I just tried rust and go version on my Linux box, it is a ThinkStation with 56 cores with Ubuntu 18.04.
Rust version uses plain method, and go version uses dummy method.
Rust version gets: [ 3] 0.0-14.3 sec 10.0 GBytes 6.01 Gbits/sec
Go version is incredible: [ 3] 0.0- 3.9 sec 10.0 GBytes 22.1 Gbits/sec
Hmm.. nearly 4 times.
In this test, I don't think the number of cores in CPU is important, because it has only one connection. So I think the key is task scheduler's performance.
Or.. Maybe Rust's scheduler performs worse than Go in multicore environment? Could you test it with Rust's single-threaded feature and Go's GOMAXPROCS=1? (I think the result should be the same).
When I test the proxy sample: https://github.com/tokio-rs/tokio/blob/master/examples/proxy.rs
in these steps: ./proxy 127.0.0.1:1090 127.0.0.1:5201 & iperf -s -p 5201 & iperf -c 127.0.0.1 -p 1090 -n 10G
I got: [ 3] 0.0-13.4 sec 10.0 GBytes 6.40 Gbits/sec
it is similar to ss-rust.
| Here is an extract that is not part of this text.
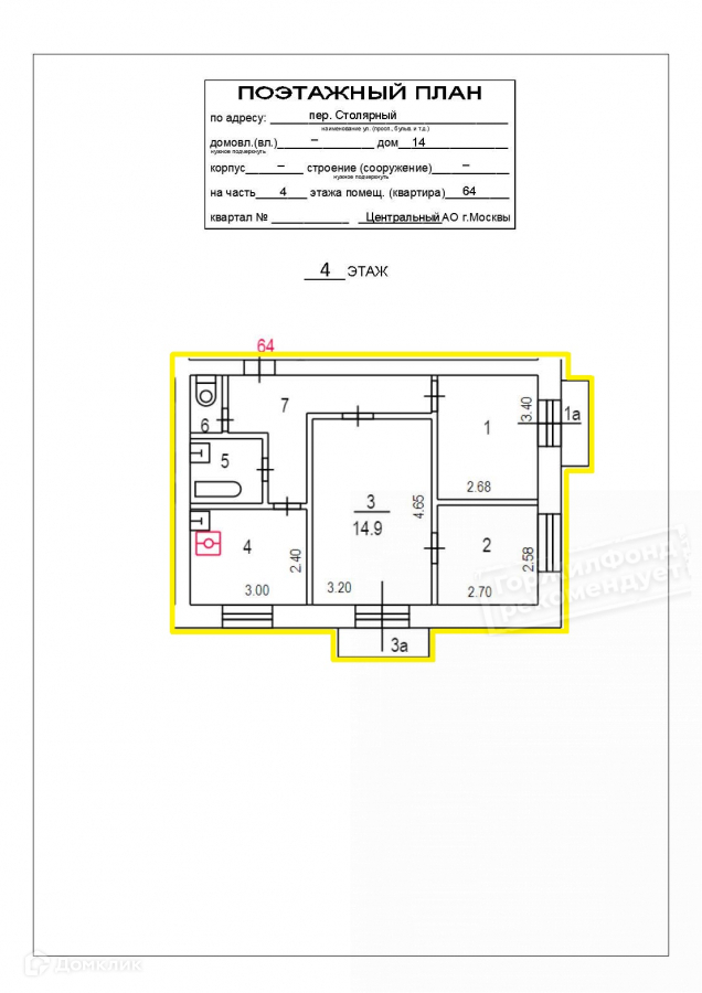 3-комнатная квартира, 53 м2, этаж 4 / 5, на продажу в Москве, Столярный переулок, 14

It means the bottleneck is not in ss-rust itself, but in tokio.
I created a repo with go and rust tests to benchmark the relay speeds https://github.com/cg31/PerfectRelay
I tried to use std::net to relay the data, it looks just faster: https://github.com/cg31/PerfectRelay/tree/master/rust_std
I tried to use std::net to relay the data, it looks just faster: https://github.com/cg31/PerfectRelay/tree/master/rust_std
That means the problem is in tokio's scheduler.
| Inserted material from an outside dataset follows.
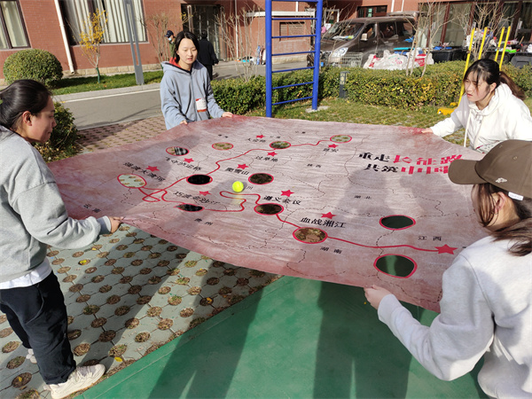 此次活动将红色元素与体育运动相结合,将党的二十大报告内容融入到定向越野活动中,传承红色基因,以此引导广大青年听党话、跟党走,成长为有理想、敢担当、能吃苦、肯奋斗的新时代好青年。在个人组比赛中,将党的二十大报告100题融入比赛环节,参赛学生通过扫码回答党的二十大报告有关题目,答对后获得下一个点位信息,直至最后到达终点,引导同学们进一步学习党的二十大报告,将党的二十大精神铭记在心中,贯彻在生活中,启航新征程。团体赛需四人为一小组进行比赛。团体组除了按顺序打点外,还需在各个自由点齐心协力完成游戏任务,任务中包含着党的二十大报告100题问答。团队成员需在赛前学习党的二十大报告,并在任务点中运用学习知识,以完成任务。这种赛前学习、赛中运用的方式,有助于参赛学生深刻领悟党的二十大报告。游戏点包括摸石过河、重走长征路,齐心协力、最强记忆,将体能、协调性和团队协作能力相结合,融入红色文化,红色精神,社会主义核心价值观以及党的二十大精神,以小活动的形式引导团体合作,共同学习党的二十大精神。答题点需回答五道有关党的二十大报告的知识题目,题目从题库中随机抽取。团队需共同作答,共同学习党的二十大精神。

I am curious about the result of async-std.
async-std is faster than tokio, but still a lot slower than std: https://github.com/cg31/PerfectRelay/tree/master/rust_async_std
On Windows 10, i7 machine:
tokio: [264] 0.0-78.5 sec 10.0 GBytes 1.09 Gbits/sec
async-std: [268] 0.0-29.9 sec 10.0 GBytes 2.87 Gbits/se
std: [272] 0.0- 9.3 sec 10.0 GBytes 9.24 Gbits/sec
add BufReader and BufWriter will help
BufReader can be added directly
let mut ri = tokio::io::BufReader::new(ri);
let mut ro = tokio::io::BufReader::new(ro);
BufWriter need to work with poll_flush
here is my result of https://github.com/cg31/PerfectRelay/tree/master/rust_async_std
# without BufReader
[ ID] Interval Transfer Bandwidth
[ 3] 0.0-11.8 sec 10.0 GBytes 7.26 Gbits/sec
# with BufReader
[ ID] Interval Transfer Bandwidth
[ 3] 0.0- 9.2 sec 10.0 GBytes 9.34 Gbits/sec
A BufReader and also a BufWriter did the trick.
without BufReader and BufWriter https://github.com/cg31/PerfectRelay/tree/master/rust_tokio [384] 0.0-101.1 sec 10.0 GBytes 850 Mbits/sec
only using BufReader [384] 0.0-93.3 sec 10.0 GBytes 921 Mbits/sec
using both BufReader and BufWriter https://github.com/cg31/PerfectRelay/tree/master/rust_tokio_buf [384] 0.0-30.5 sec 10.0 GBytes 2.82 Gbits/sec
I ran this test with latest release vs go-shadowsocks2 under Debian stable with chacha20-ietf-poly1305, here's the result.
shadowsocks-rust
[ 3] 0.0-21.3 sec 10.0 GBytes 4.04 Gbits/sec
[ 3] 0.0-20.9 sec 10.0 GBytes 4.12 Gbits/sec
[ 3] 0.0-21.0 sec 10.0 GBytes 4.09 Gbits/sec
go-shadowsocks2
[ 3] 0.0-12.4 sec 10.0 GBytes 6.92 Gbits/sec
[ 3] 0.0-14.0 sec 10.0 GBytes 6.14 Gbits/sec
[ 3] 0.0-13.6 sec 10.0 GBytes 6.29 Gbits/sec
Here's something interesting for RPi users.
I tested shadowsocks-rust and go-shadowsocks2 under RPi4.
shadowsocks-rust server + go-shadowsocks2 client
[ 3] 0.0-283.5 sec 5.60 GBytes 170 Mbits/sec
[ 3] 0.0-50.5 sec 1.00 GBytes 170 Mbits/sec
go-shadowsocks2 server + go-shadowsocks2 client
[ 3] 0.0-52.0 sec 1.00 GBytes 165 Mbits/sec
[ 3] 0.0-51.8 sec 1.00 GBytes 166 Mbits/sec
shadowsocks-rust server + shadowsocks-rust client
[ 3] 0.0-13.4 sec 1.00 GBytes 641 Mbits/sec
[ 3] 0.0-13.8 sec 1.00 GBytes 625 Mbits/sec
[ 3] 0.0-13.5 sec 1.00 GBytes 635 Mbits/sec
@zonyitoo shall we keep this issue open and pin it for discussing performance and for people to post benchmark results?
So your data result is: on x86_64 platform, ss-rust 4GiB/sec slower than ss-go2 6GiB/sec, but on RPi (ARM), ss-rust is faster.
We can first enable some general optimization options, such as using jemallocator and tokio's parking_lot feature.
jemalloc may increase binary size, which is not good for embedded environments.
we don't need to enable it by default, and at least on desktop and server we don't need to worry about binary size.